This morning the Federal Circuit released two precedential opinions. The first comes in a patent case appealed from the Patent Trial and Appeal Board. Notably, Judge Newman dissented, disagreeing with the majority’s decision to dismiss the case for lack of jurisdiction. The second comes in a case appealed from the Court of Federal Claims. In this case, the Federal Circuit reverses the Court of Federal Claims’ dismissal and remands the case. The Federal Circuit also released a nonprecedential opinion in a veterans case appealed from the Court of Appeals for Veterans Claims. Finally, the court issued two nonprecedential orders and two Rule 36 judgments. Here are the introductions to the opinions, text from the orders, and links to the Rule 36 judgments.
Atlanta Gas Light Co. v. Bennett Regulator Guards, Inc. (Precedential)
On remand from this court, the Board terminated the proceeding due in part to its reconsideration of its decision on the time bar. Atlanta Gas appeals. We conclude that we lack jurisdiction to review the Board’s decision to vacate its institution decision, a decision it made based in part on its evaluation of the time bar and changed Patent and Trademark Office policy. Accordingly, we dismiss Atlanta Gas’s appeal for lack of jurisdiction.
NEWMAN, Circuit Judge, dissenting.
The PTAB’s sanctions order is not excluded from the appellate jurisdiction of the Federal Circuit, as the panel majority holds. Our appellate jurisdiction of PTAB decisions is set by statute; no exception excludes the appeal of a sanctions order. I respectfully dissent from the majority’s ruling that we do not have jurisdiction of this appeal.

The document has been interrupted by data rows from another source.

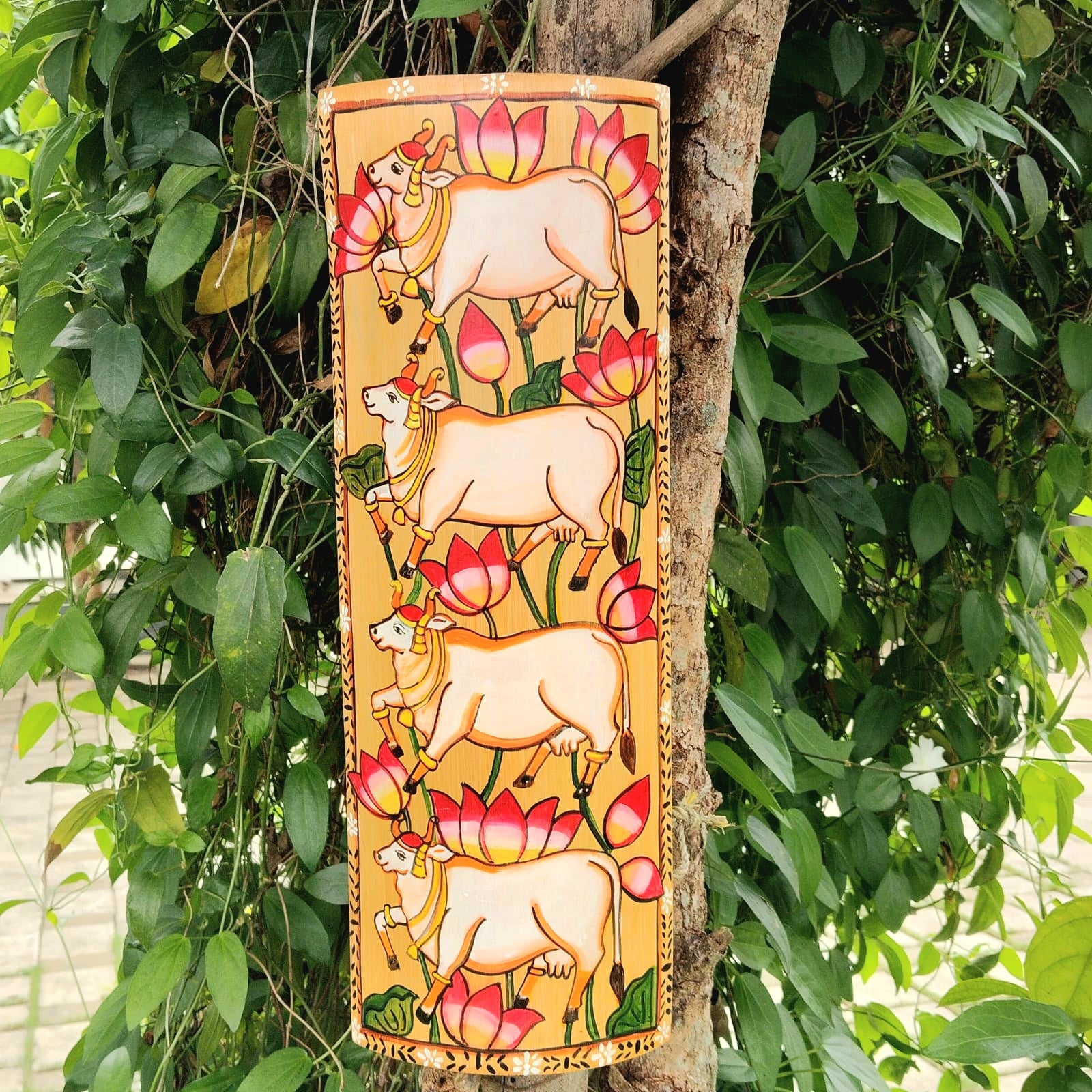 Pichwai-style painting on natural bamboo, handpicked from the lush forests of Kerala and carefully treated to create a smooth, paint-ready surface. A unique piece of art, perfect to add a touch of tradition to your home—or to gift someone special with something truly one-of-a-kind. 🌿✨
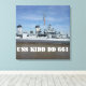 A canvas print featuring a photo of the USS KIDD DD 661 docked on the Mississippi River in Baton Rouge, La.
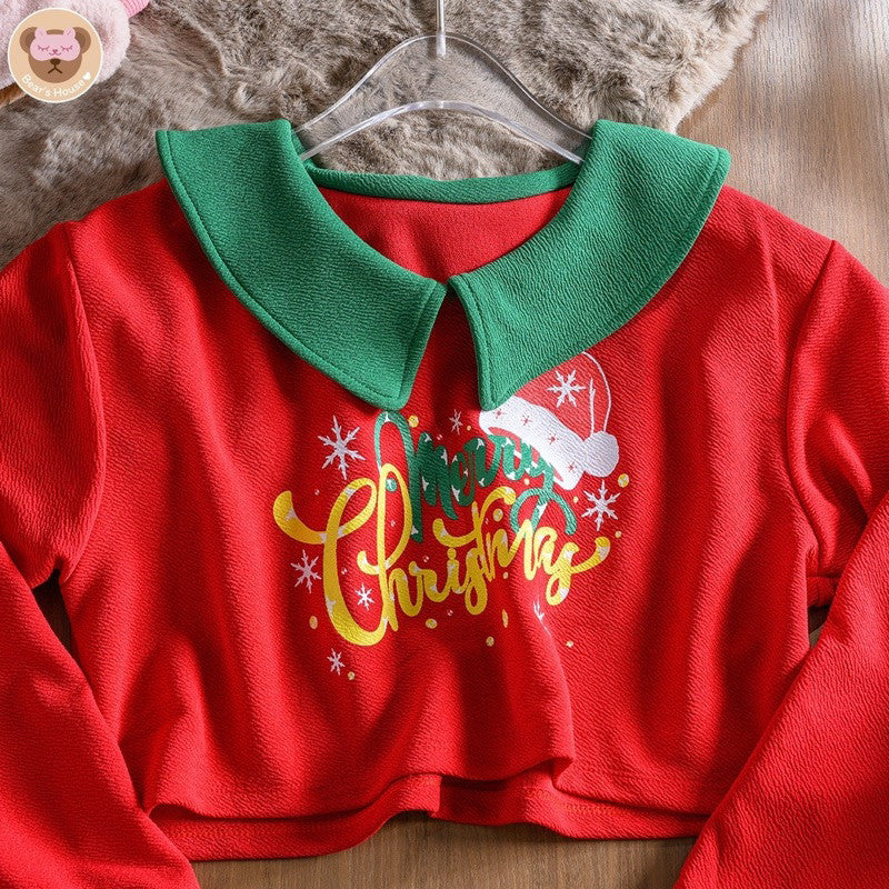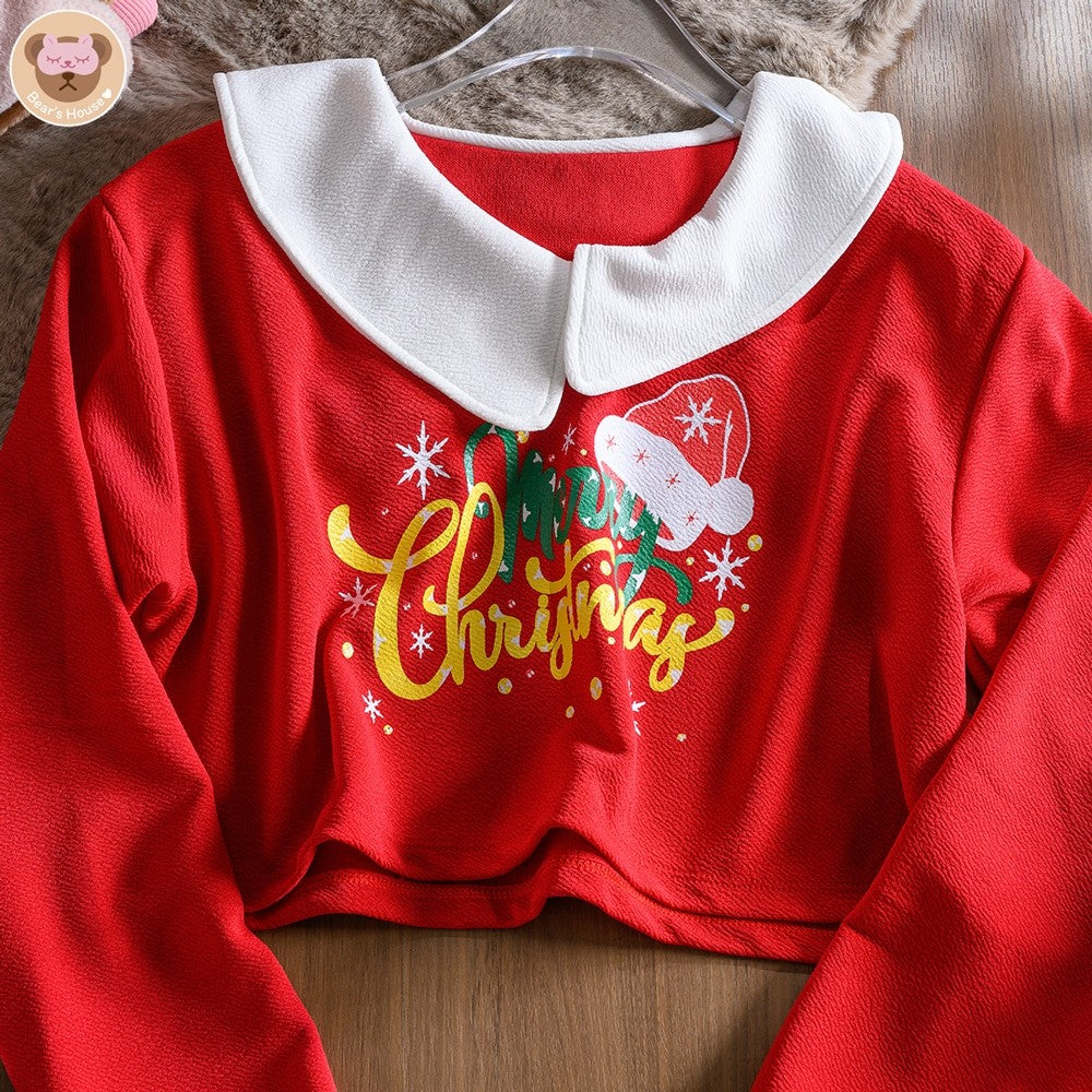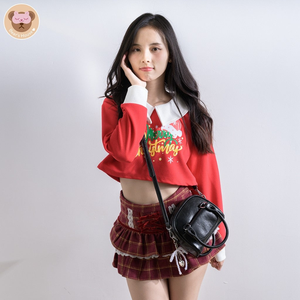Merry Christmas Crop เสื้อครอปเเขนยาว คอบัว สกรีนลาย ผ้าวูลเวฟ ***ไม่รวมกระโปรง***
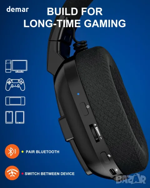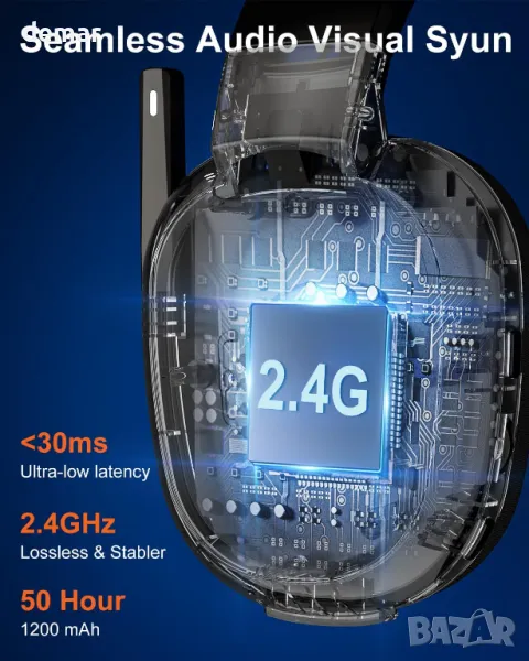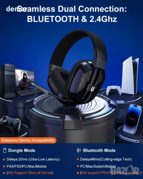 Тези безжични слушалки за игри разполагат с 50 мм драйвери и 2,4 GHz безжична безжична технология за потапящ, ясен стерео звук с минимално забавяне. Той предлага двойна свързаност със стабилна 2,4 GHz връзка за PC и PS4/5 игри, докато Bluetooth режимът гарантира съвместимост с телефони, лаптопи и Switch. Проектиран за дълги сесии, той осигурява над 50 часа живот на батерията и лек комфорт с дишащи възглавнички за уши от мемори пяна. Всепосочният микрофон за намаляване на шума подобрява екипната комуникация чрез филтриране на фоновия шум. Поддръжката на различни платформи включва PS5, PC, PS4, Switch, Mac и смарт устройства, въпреки че не е съвместима с Xbox Series и микрофонът не функционира на Switch.
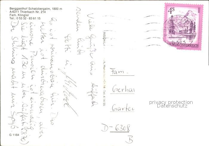 72455734 alte Postkarte Thierbach Wildschoenau Skiparadies Schatzbergalm Winter postalisch gelaufen Erhaltung siehe scans KatCode: 11390335070530
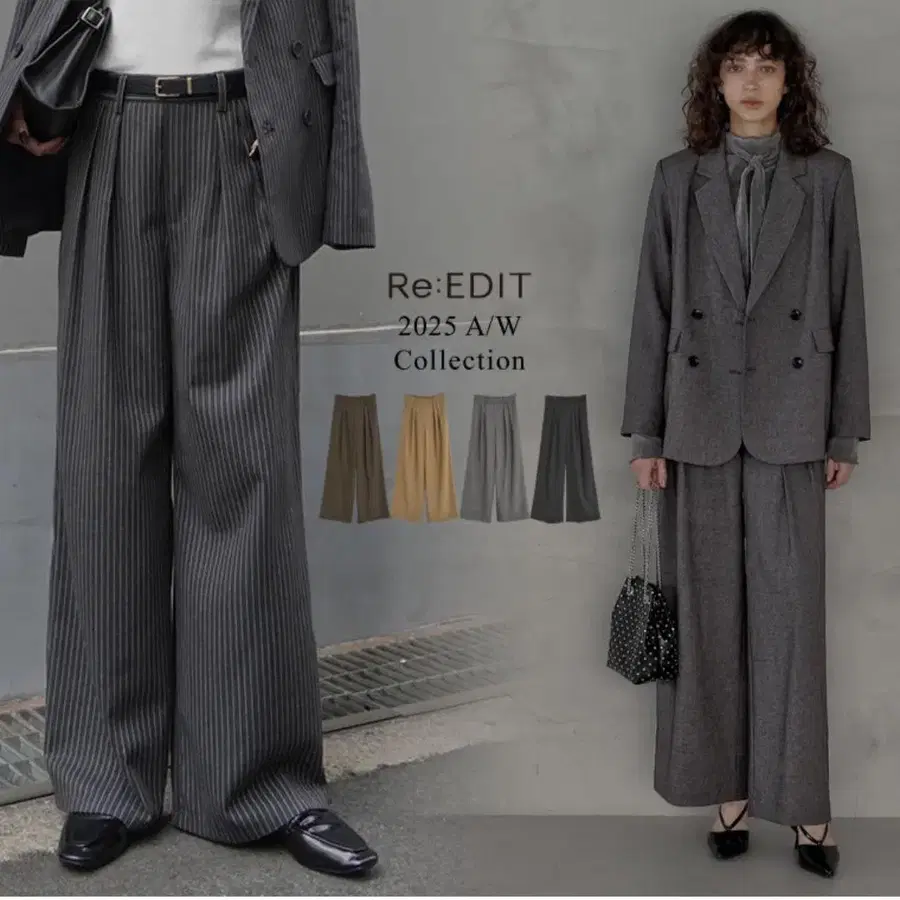 ReEDIT 트위드 블랙 더블 턱 와이드 팬츠 MT 사이즈
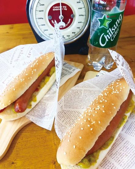 パリッとジューシーなウインナーソーセージを挟んだイレブンマリンドッグ(250円)はハインツのケチャップとマスタードをお好みで好きな量かける。
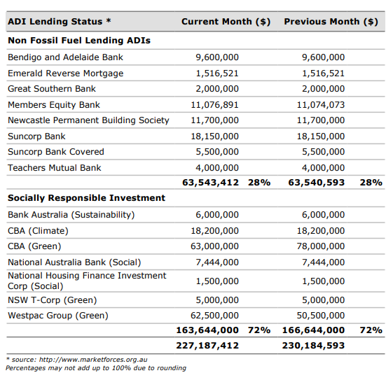 Council’s holding in various investment categories are listed in the table below. Council’s portfolio size is $227.2m. All Socially Responsible Investments (SRI’s) are investments that comply with the Non-Fossil Fuel standards. Council’s annualised return continues to exceed the bank bill index benchmark. Council’s portfolio had a return of 0.91%, above the UBSWA Bank Bill Index Benchmark (0.06%).
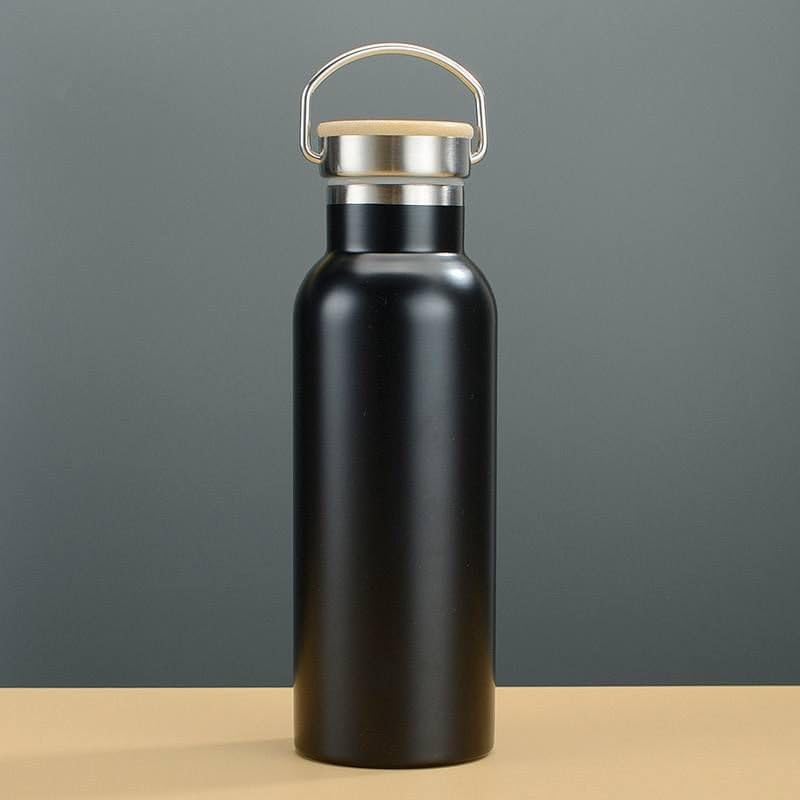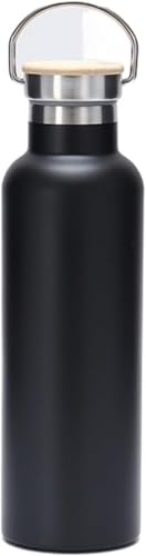 Generic - زجاجة مياه معزولة من الستانلس ستيل مع غطاء ومقبض بنمط الخيزران - قارورة حرارية معزولة بتفريغ الهواء للمشروبات الساخنة والباردة، زجاجة مياه معدنية قابلة لاعادة الاستخدام مانعة للتسرب لصالة الالعاب

SEKRI, Inc. v. United States (Precedential)
SEKRI, Inc. appeals a decision of the U.S. Court of Federal Claims dismissing its bid protest action. The Court of Federal Claims determined that SEKRI lacks standing because it does not qualify as an actual or prospective bidder and that SEKRI failed to state a claim because it waived its right to bring a bid protest action under Blue & Gold. We hold that, in view of the Javits-Wagner-O’Day Act and its implementing regulations, SEKRI qualifies as a prospective bidder for standing purposes and that SEKRI has not waived its right to bring its bid protest action under the Blue & Gold waiver standard. Accordingly, we reverse the Court of Federal Claims’ dismissal and remand for further proceedings consistent with this opinion.
Brady v. McDonough (Nonprecedential)
Appellant Terry T. Brady served with the United States Marine Corps from 1953 to 1956. The Board of Veterans’ Appeals (“BVA” or “Board”) denied his claim of service connection for certain neuropathies that became manifest in 2006. The issue relates to Mr. Brady’s possible exposure to radiation and whether there is a presumption of service-connection on the facts hereof. The BVA found that service connection was not established, and the Court of Appeals for Veterans Claims (“CAVC”) affirmed.1
The record on appeal contains differing medical opinions concerning whether Mr. Brady’s neuropathies relate to his military service. These medical opinions, and their balance and weight, are factual in nature, and entail no questions of law or relevant presumptions of service-connection. This court lacks authority to review such factual determinations unless constitutional questions are involved. We conclude that the appeal must be dismissed, for the issue is entirely factual, and not within our appellate jurisdiction.
Honse v. Merit Systems Protection Board (Nonprecedential Order)
Michelle C. Honse has not responded to this court’s April 26, 2022 order by filing a revised Federal Circuit Form 10 abandoning her discrimination claims.
Accordingly,
IT IS ORDERED THAT:
Pursuant to this court’s April 26, 2022 order, this case and all transmittals are transferred under 28 U.S.C. § 1631 to the United States District Court for the Central District of California, Southern Division.
Electronic Scripting Products, Inc. v. HTC America, Inc. (Nonprecedential Order)
The parties having so agreed, it is ordered that:
(1) The proceeding is DISMISSED under Fed. R. App. P. 42 (b).
(2) Each side shall bear their own costs.